Copy the data verbatim and leave out every picture.

- **DATA BLOCK**

• • • • •

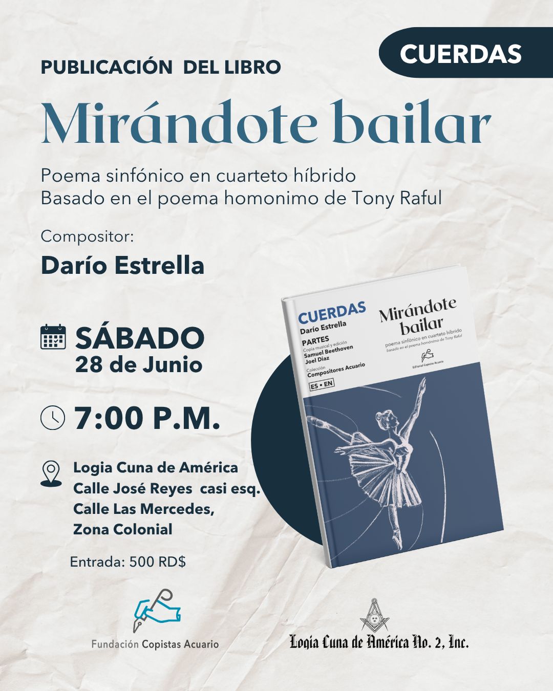 • Organizan: Fundación Copistas Acuario, Logia Cuna de América No. 2, Inc.
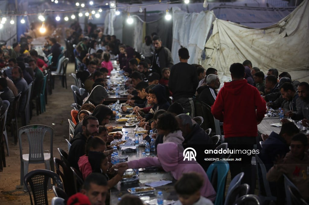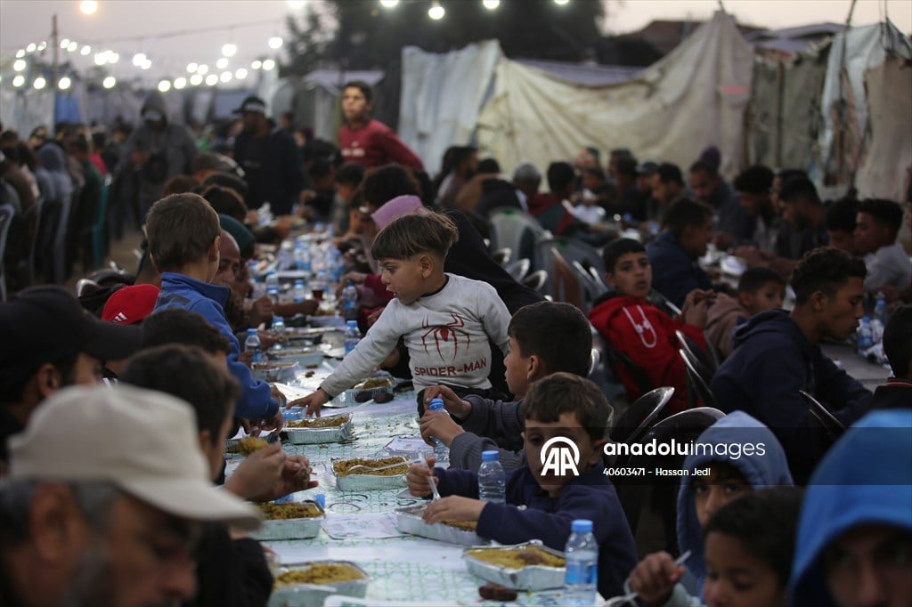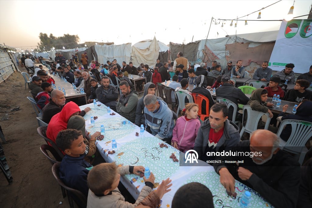 وقال مدير دائرة المشاريع في الهيئة سعيد العرقان: "نحن هنا بين الخيام والركام لنؤكد تمسكنا بهذه الأرض، كنا في الأعوام السابقة نفطر في بيوتنا، واليوم نفطر فوق أنقاضها تعزيزا لصمود أهلنا"، وفقا للأناضول.
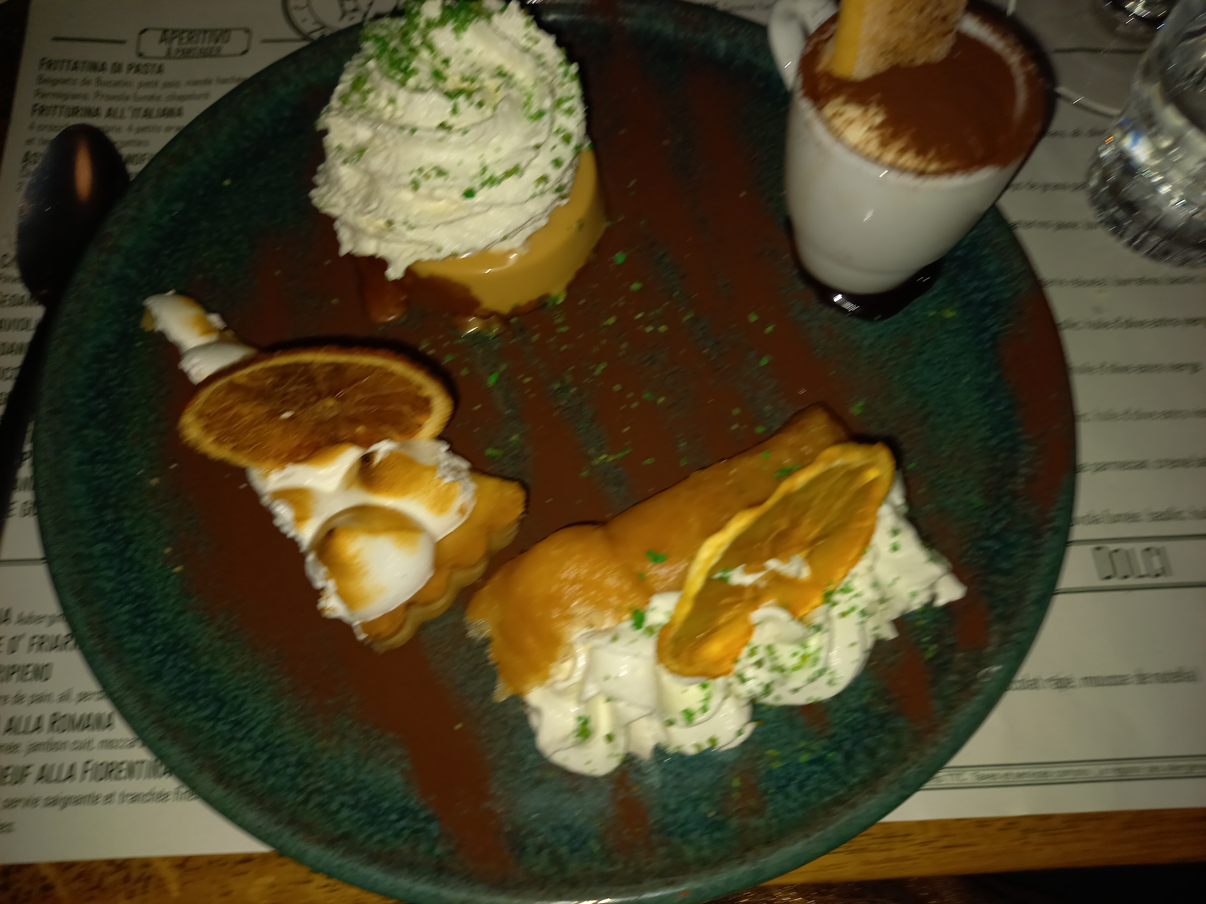 Nous avons passé un bon moment , le service impeccable. Pour les plat la pizza était vraiment excellente , la salade ma femme était correct. Les dessert était correct aussi , le tiramisu était bon dommage qu'il y avait pour moi un petit peu trop de café et le café gourmand sans plus. C'est un bon restaurant que je recommanderai particulièrement pour les pizzas. À bientôt

• • • • •

- **TASK RESULT**
 • Organizan: Fundación Copistas Acuario, Logia Cuna de América No. 2, Inc.
 وقال مدير دائرة المشاريع في الهيئة سعيد العرقان: "نحن هنا بين الخيام والركام لنؤكد تمسكنا بهذه الأرض، كنا في الأعوام السابقة نفطر في بيوتنا، واليوم نفطر فوق أنقاضها تعزيزا لصمود أهلنا"، وفقا للأناضول.
 Nous avons passé un bon moment , le service impeccable. Pour les plat la pizza était vraiment excellente , la salade ma femme était correct. Les dessert était correct aussi , le tiramisu était bon dommage qu'il y avait pour moi un petit peu trop de café et le café gourmand sans plus. C'est un bon restaurant que je recommanderai particulièrement pour les pizzas. À bientôt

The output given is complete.